Camp residents currently number 10 women, 10 children, 18 men and one baby. Most are from deeper in Mexico, but I was told Ecuador and Dominica also were represented. They prefer living here to one of the two large refugee shelters run by evangelicals.
At the private camp, the men can work, and alcohol use is not grounds for expulsion.
In the past, the camp has housed much larger groups, including around 1,000 Haitians at one point. They were there before the more permanent structures were built, so the Haitians lived in tents and under tarps.
A different shelter
From the refugee camp, we walked across a field to a different shelter through a covered area where cartel “hawks”—or watchers—stood monitoring and permitted our passage to the refugee camp.
This shelter is enclosed behind high cinderblock walls with formidable doors. Four different faces peered through the trapdoor peephole, noting the “gringita” and the familiar face of my guide before they decided to open the door to us.
Security is tight for good reason. The men at the door, Guatemalans, explained they’d been unable to leave the shelter for weeks. They know if they do, the cartel is waiting. They will be kidnapped for ransom immediately.
Several hundred refugees currently are housed in there, but I didn’t get to speak with any besides the men at the door. They were a half-hour into an hours-long worship service under a large pavilion built by a grant from the Latter-day Saints.
Most people here live in tents raised off the ground by pallets. Restrictions against drugs, alcohol and weapons are zero-tolerance, but likely easily enforced since none of the refugees is free to come and go with the cartel threat just beyond the door.
The LDS grant also helped build around a dozen tiny homes with window units. Pregnant women and women with infants are prioritized for this housing.
Between the two locations of this other shelter, an estimated 1,000 to 1,500 refugees currently are waiting in Reynosa for CBP One appointments to request asylum.
Cost to cross
The risk to visit these shelters had increased since my guide last crossed the week before. Our taxi driver reported an increase in fares was due to the increase in risk.
One of my ride share drivers in McAllen told me a relative recently was kidnapped when the bus taking him to his job in Mexico was stopped by cartel.
Several men were taken, but when the bus driver was questioned, he said the bus had not made any stops and no one got on or off anywhere along his route, my driver explained.
The family was able to gain his brother-in-law’s release, but not until paying $10,000 to the cartel.
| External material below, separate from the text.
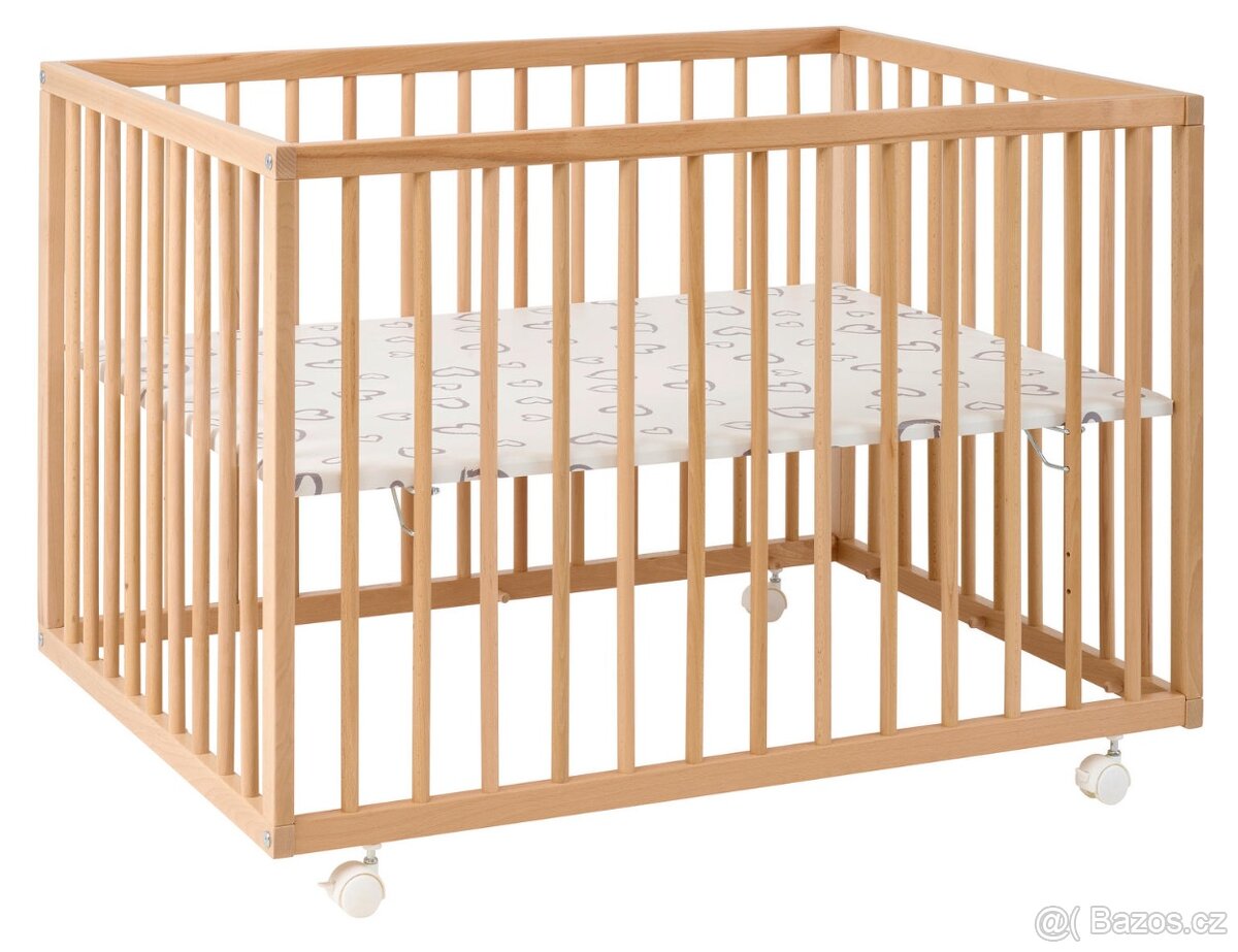 Nabízím polohovatelnou ohrádku z přírodního dřeva na kolečkách po jednom dítěti. Polstrovaná deska, možno využít i jako přebalovací pult. Součástí i mantinel, výplň do ohrádky, klínový polštář a kapsář.

The CBP One app has cut down on the coyotes’ income stream, with more asylum hopefuls choosing to wait for their chance to cross legally.
The wall
Additionally, on the Texas side I observed pieces of border wall, oddly arranged in football-field length sections and at least a mile from the Rio Grande in places.
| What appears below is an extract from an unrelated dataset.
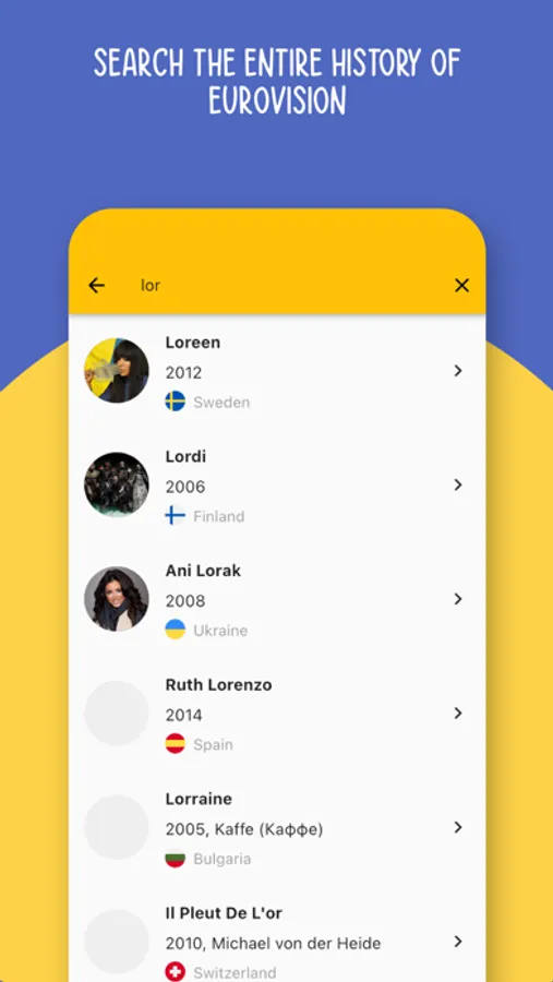 Super fast search allowing you to search the entire history of the Eurovision Song Contest!

Giant lights blaze each night from the seemingly haphazard barriers built atop concrete levees, taller sections erected under the first Trump administration and shorter segments under the Biden administration.
A complex situation
Border dynamics are complex. I came home from the border with many more questions than answers and with the words of Revelation 1:18 on my mind: “I am the living one; I was dead, and now look, I am alive for ever and ever! And I have the keys to death and Hades.”
Many of the 122.6 million displaced people around the world are physically and/or spiritually on the wrong side of that door. They need a way out of the hells they are facing.
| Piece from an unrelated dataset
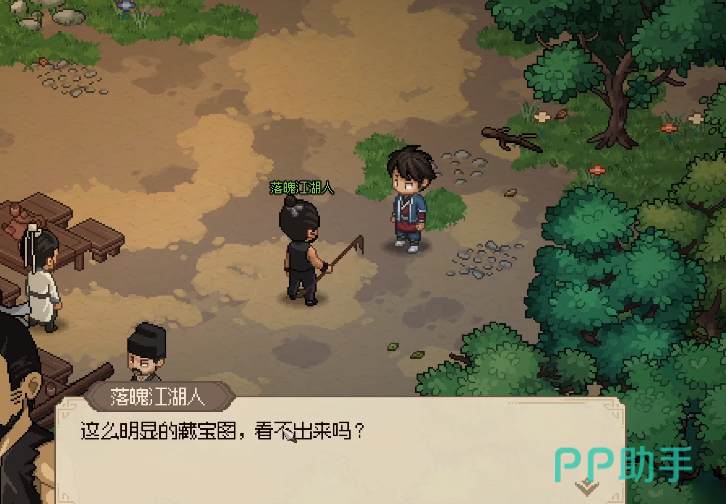 在无名茶滩这个地区玩家会遇到落魄江湖人帮助他杀掉差役之后就能获得三个藏宝图,首先通过第一个藏宝图,玩家可以看到宝藏的位置在楚襄城的心湖,想获得这个宝藏的话就需要等到夜晚来到地点挖宝,在这个位置会有十辆银子,还有玉白钥匙以及琼花露和十贯钱。

Texas Baptists must prayerfully consider the Great Commandment and the Great Commission in our attitudes and conversations about border ministry and policy. The River Ministry offers vision trips and opportunities to serve among this vulnerable population.
Complex situations have no easy solutions, “but Jesus.” He calls us to be bold, trust him and step into the darkness with his light. May we be found faithful.
Calli Keener is a news writer for the Baptist Standard. The views expressed in this opinion article are those of the author.